In the records below, find each line containing the word "avec" and copy it.
▶
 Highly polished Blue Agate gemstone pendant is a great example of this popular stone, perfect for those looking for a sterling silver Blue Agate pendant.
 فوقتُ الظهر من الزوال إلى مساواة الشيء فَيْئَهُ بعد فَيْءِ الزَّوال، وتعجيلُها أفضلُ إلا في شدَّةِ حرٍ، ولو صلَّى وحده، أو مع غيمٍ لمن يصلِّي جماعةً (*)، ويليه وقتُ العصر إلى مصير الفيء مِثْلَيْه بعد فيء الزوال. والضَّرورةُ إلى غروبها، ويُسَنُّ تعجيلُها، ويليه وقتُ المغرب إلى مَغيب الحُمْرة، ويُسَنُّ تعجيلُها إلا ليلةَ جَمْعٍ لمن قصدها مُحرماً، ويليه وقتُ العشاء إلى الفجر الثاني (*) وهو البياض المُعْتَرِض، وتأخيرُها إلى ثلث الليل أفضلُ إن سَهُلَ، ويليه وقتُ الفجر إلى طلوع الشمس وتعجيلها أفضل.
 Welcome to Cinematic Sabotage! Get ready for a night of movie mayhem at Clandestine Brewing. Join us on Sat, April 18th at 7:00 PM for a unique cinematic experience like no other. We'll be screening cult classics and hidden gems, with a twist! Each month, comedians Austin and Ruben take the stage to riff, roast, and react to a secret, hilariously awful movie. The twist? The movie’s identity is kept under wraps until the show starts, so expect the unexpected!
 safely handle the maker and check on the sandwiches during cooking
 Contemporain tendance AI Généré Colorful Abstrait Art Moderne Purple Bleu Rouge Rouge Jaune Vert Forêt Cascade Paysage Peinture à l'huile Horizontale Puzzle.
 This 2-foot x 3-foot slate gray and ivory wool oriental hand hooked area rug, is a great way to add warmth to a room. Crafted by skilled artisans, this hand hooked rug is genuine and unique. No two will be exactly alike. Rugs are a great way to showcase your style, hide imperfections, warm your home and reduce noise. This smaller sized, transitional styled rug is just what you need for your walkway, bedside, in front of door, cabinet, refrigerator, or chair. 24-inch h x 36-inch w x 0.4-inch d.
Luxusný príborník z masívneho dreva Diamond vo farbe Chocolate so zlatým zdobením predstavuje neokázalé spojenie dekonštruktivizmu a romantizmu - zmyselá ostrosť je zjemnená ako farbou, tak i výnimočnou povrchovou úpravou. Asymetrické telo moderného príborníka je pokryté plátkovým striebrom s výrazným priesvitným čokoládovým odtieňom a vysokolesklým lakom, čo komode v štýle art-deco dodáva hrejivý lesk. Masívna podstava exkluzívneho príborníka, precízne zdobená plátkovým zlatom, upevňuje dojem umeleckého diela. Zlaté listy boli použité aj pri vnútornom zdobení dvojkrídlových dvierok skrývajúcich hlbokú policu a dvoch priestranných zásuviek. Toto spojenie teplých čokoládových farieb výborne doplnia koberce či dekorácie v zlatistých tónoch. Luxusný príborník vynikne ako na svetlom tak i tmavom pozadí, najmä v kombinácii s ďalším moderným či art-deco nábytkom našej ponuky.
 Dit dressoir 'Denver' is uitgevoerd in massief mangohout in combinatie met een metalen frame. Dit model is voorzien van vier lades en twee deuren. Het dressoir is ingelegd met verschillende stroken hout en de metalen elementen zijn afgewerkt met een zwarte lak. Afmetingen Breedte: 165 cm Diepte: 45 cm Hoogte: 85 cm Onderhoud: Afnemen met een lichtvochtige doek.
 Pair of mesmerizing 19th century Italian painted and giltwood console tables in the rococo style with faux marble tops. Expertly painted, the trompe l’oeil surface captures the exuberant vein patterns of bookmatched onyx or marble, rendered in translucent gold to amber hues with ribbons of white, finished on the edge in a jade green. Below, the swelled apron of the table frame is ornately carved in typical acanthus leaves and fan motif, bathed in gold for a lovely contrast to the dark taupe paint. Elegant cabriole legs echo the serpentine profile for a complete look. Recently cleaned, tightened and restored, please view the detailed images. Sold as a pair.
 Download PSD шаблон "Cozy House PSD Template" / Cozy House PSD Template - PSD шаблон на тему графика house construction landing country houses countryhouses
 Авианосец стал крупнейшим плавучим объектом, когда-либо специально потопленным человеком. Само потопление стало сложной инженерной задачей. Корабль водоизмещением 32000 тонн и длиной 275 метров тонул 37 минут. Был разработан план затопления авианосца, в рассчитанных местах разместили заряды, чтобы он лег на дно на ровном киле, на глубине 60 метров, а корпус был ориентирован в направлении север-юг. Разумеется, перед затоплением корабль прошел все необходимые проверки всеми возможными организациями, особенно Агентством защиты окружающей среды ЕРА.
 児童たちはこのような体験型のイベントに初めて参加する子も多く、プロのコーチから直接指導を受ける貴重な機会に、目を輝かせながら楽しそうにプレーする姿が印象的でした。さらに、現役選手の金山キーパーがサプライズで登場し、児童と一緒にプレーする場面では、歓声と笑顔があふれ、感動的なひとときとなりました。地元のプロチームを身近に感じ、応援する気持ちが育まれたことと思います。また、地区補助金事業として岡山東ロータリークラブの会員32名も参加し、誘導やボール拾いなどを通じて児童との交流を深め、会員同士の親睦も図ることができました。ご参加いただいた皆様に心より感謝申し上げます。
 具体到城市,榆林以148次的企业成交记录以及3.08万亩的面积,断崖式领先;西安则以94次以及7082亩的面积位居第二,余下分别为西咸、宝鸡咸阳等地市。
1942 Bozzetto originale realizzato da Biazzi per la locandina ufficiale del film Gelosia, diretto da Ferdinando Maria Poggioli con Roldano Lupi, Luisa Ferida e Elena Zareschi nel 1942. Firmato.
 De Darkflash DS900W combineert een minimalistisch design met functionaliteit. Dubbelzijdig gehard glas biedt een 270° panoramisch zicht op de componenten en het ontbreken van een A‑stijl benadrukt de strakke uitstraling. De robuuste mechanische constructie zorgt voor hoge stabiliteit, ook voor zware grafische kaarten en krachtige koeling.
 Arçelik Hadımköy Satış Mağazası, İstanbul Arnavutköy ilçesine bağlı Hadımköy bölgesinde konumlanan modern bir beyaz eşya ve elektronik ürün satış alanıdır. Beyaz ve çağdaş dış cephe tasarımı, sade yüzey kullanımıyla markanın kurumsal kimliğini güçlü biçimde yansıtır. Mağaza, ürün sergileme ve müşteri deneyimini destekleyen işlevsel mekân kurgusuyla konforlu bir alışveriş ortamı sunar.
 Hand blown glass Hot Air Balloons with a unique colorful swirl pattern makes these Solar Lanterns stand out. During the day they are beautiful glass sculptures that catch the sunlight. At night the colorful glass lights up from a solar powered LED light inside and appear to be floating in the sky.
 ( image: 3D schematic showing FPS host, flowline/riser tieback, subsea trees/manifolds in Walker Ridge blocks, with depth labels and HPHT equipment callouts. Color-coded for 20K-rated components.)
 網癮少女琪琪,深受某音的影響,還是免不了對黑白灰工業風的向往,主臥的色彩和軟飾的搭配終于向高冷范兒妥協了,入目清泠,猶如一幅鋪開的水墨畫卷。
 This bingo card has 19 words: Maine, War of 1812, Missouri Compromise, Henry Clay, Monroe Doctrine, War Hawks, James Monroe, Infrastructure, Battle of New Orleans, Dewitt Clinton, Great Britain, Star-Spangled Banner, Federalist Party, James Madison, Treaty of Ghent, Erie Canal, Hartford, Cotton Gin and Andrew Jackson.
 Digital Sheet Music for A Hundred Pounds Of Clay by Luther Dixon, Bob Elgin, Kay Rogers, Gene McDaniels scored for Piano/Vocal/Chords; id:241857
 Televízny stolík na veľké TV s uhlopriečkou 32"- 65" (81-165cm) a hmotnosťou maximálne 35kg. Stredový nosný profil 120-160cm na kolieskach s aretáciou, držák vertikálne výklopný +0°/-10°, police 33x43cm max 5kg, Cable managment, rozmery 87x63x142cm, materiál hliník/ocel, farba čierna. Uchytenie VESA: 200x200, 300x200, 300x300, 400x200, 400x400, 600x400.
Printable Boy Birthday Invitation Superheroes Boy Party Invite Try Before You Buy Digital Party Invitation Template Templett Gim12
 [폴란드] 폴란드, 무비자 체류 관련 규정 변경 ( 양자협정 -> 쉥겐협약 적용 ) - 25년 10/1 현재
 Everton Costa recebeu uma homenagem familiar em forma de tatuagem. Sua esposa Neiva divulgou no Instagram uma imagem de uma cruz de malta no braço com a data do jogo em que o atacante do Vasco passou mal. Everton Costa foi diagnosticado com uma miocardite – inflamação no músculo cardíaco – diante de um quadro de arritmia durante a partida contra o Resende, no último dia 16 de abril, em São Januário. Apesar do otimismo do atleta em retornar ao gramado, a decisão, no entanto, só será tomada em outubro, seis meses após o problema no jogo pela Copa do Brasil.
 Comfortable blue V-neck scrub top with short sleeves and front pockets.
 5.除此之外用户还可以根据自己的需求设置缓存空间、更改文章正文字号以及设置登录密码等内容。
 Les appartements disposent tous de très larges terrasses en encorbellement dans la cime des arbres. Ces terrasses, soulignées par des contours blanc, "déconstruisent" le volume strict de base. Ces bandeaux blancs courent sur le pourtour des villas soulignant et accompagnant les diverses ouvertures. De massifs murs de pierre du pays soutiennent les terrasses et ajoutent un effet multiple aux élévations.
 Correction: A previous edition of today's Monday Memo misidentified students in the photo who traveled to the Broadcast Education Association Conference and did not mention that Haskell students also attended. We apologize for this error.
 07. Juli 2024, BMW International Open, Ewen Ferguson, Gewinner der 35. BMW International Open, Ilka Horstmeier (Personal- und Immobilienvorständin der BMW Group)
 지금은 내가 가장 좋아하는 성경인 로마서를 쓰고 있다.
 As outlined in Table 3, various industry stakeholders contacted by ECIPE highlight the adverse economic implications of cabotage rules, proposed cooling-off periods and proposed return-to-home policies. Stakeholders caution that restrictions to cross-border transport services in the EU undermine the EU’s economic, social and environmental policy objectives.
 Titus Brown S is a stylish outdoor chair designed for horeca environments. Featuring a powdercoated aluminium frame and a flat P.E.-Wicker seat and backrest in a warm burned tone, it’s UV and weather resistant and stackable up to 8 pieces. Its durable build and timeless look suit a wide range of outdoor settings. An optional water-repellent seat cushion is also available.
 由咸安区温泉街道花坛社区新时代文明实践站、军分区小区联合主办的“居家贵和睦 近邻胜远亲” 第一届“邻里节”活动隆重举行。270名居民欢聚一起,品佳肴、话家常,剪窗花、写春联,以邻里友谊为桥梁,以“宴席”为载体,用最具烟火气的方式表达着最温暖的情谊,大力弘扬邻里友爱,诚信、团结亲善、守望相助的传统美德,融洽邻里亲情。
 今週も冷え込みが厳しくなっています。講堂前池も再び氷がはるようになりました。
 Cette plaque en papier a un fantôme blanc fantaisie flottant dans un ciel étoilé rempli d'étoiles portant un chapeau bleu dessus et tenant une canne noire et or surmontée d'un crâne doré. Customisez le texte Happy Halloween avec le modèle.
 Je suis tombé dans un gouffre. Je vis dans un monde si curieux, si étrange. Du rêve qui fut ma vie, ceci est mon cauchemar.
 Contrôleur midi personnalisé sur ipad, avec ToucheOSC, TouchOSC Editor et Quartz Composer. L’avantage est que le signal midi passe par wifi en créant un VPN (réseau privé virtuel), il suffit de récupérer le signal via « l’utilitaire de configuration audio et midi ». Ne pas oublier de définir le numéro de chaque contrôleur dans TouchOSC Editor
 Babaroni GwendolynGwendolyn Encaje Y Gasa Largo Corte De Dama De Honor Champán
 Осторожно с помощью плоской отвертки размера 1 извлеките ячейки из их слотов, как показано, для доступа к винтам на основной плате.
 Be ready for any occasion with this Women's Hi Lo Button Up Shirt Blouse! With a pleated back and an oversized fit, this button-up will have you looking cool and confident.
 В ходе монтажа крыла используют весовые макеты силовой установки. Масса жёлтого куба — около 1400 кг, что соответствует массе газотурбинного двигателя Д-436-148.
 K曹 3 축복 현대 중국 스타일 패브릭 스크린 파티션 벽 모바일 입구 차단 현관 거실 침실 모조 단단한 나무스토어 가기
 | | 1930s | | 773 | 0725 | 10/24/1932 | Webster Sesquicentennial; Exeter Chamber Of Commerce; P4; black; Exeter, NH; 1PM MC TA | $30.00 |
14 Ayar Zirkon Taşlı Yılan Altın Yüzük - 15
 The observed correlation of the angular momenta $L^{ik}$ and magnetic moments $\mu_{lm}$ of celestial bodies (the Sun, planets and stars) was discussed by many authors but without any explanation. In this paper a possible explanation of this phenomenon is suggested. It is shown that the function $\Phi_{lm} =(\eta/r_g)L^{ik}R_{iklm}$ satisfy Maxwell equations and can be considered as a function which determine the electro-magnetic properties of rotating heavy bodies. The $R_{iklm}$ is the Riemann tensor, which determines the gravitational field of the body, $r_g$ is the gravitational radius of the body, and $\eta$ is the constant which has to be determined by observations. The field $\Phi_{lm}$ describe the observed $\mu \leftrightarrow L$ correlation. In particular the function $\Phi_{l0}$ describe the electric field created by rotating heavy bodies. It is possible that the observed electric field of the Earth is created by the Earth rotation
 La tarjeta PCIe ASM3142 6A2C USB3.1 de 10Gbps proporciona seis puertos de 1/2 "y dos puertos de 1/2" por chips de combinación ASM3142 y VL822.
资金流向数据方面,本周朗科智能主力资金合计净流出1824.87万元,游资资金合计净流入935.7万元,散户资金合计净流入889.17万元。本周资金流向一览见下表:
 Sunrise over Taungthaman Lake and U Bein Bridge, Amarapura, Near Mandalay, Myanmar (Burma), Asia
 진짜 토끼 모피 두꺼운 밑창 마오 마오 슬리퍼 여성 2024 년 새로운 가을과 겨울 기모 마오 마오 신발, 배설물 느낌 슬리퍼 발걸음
◀
OUTPUT OF THE TASK –
 Cette plaque en papier a un fantôme blanc fantaisie flottant dans un ciel étoilé rempli d'étoiles portant un chapeau bleu dessus et tenant une canne noire et or surmontée d'un crâne doré. Customisez le texte Happy Halloween avec le modèle.
 Contrôleur midi personnalisé sur ipad, avec ToucheOSC, TouchOSC Editor et Quartz Composer. L’avantage est que le signal midi passe par wifi en créant un VPN (réseau privé virtuel), il suffit de récupérer le signal via « l’utilitaire de configuration audio et midi ». Ne pas oublier de définir le numéro de chaque contrôleur dans TouchOSC Editor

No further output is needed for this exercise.